The familiar doctrine of subrogation is, that when one has been compelled to pay a debt which ought to have been paid by another, he is entitled to a cession of all the remedies which the creditor possessed against that other. To the creditor, both may have been equally liable, but if, as between themselves, there is a superior obligation resting on one to pay the debt, the other, after paying it, may use the creditor’s security to obtain reimbursement. The reason why subrogation is not allowed to one partner as against his copartner, or to one merely a joint debtor as against his co-debtor, is because that, as between them, there is no obligation to pay the debt resting upon one, superior to that which rests upon the other. The doctrine does not depend upon privity, nor is it confined to cases of strict suretyship. It is a mode which equity adopts to compel the ultimate discharge of the debt by him wTho in good conscience ought to pay it, and to relieve him whom none but the creditor could' ask to pay. To effect this, the latter is allowed to take the place of the creditor, and make use of all the creditor’s securities, as if they were his own.

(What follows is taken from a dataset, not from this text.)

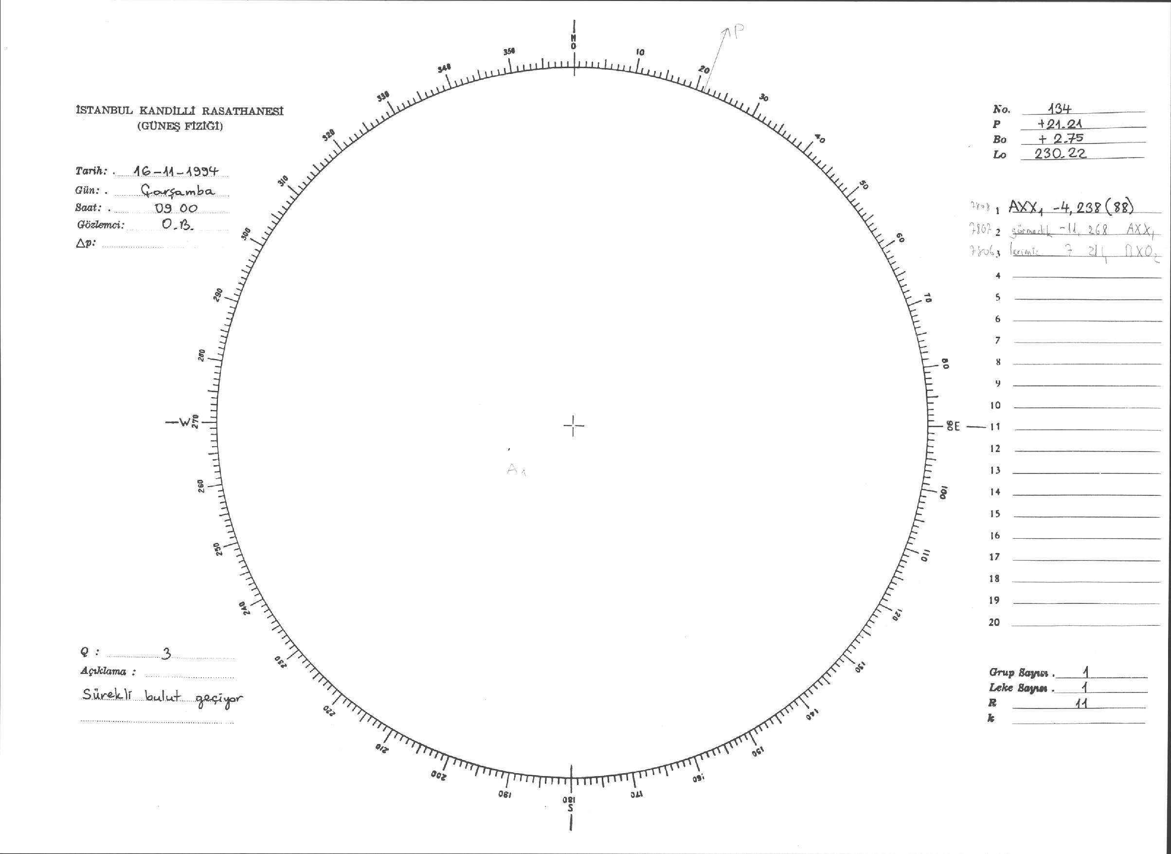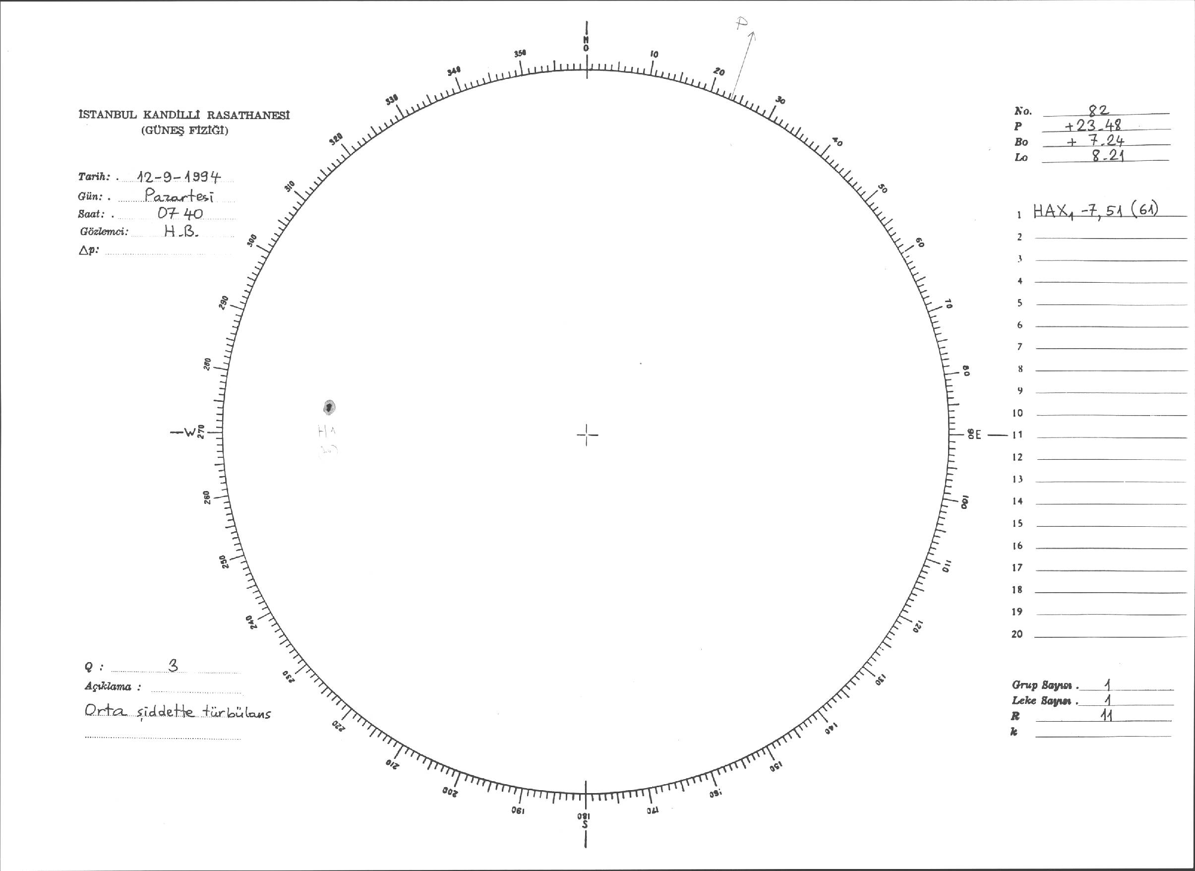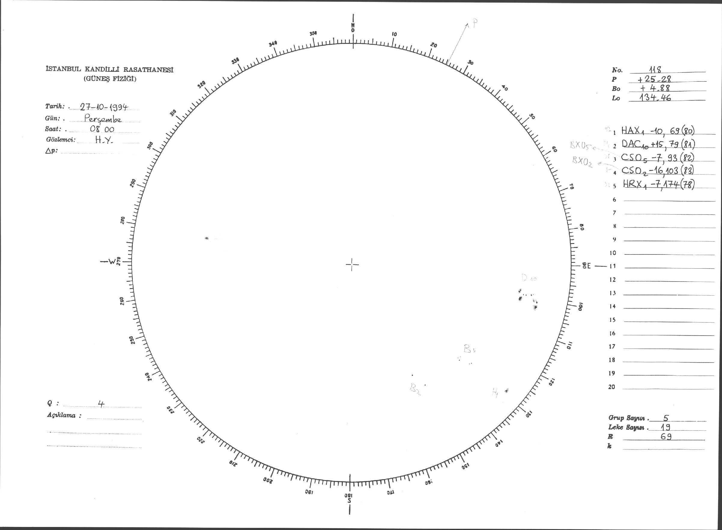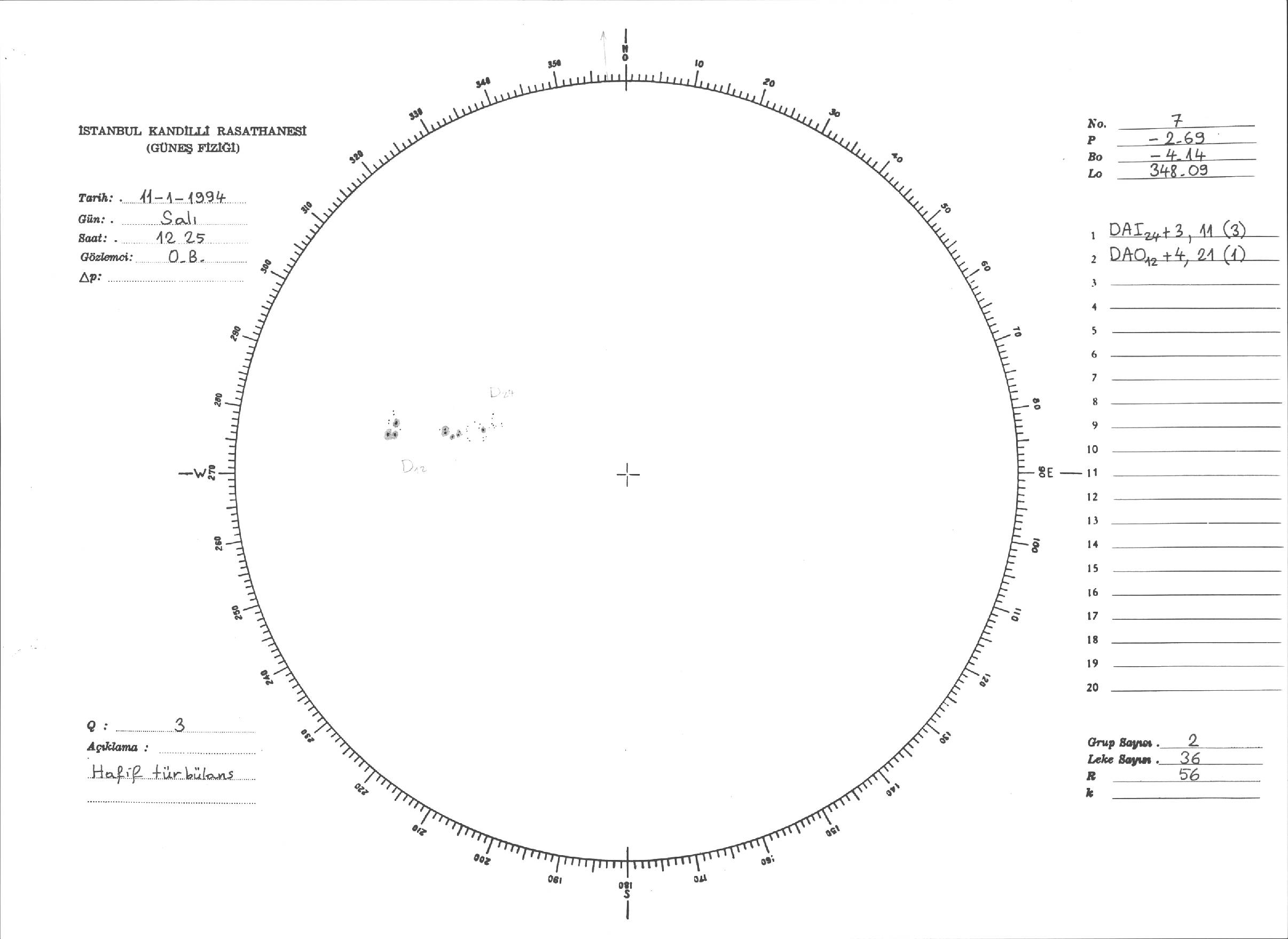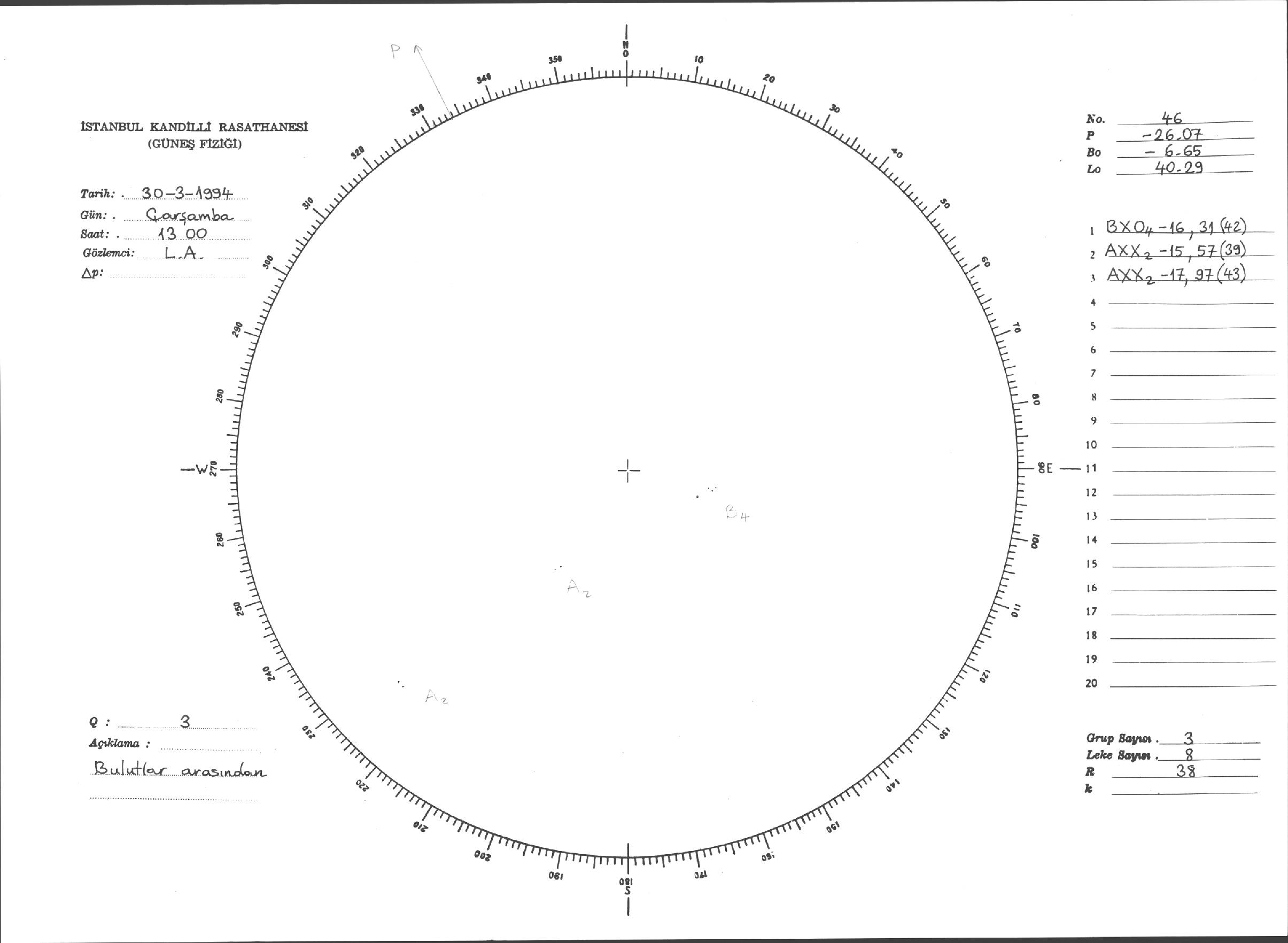 Güneş Lekesi Çizimleri / Kandilli Sunspot Drawings

In the light of these principles, we discover no error in the charge of the court below. It was a substantial answer to all the points propounded by the plaintiff in error, Avhich arose out of the •cause, and it was correct. Smythe, it is true, obtained his decree against both Irwin and Whittaker, but the agreements between them, given in evidence, established, that long before the decree, as between them, the primary or superior obligation to pay the sum decreed, lay upon the latter. He had covenanted with Irwin to pay it, and the effect of the covenant was to make himself the principal. Of course Irwin, after having paid the debt, became entitled in equity to the use of Smythe’s decree, obtained against the principal, and not only to that, but' to every remedy to enforce its payment which Smythe had against Whittaker’s sureties, who became such after he assumed the superior obligation to pay.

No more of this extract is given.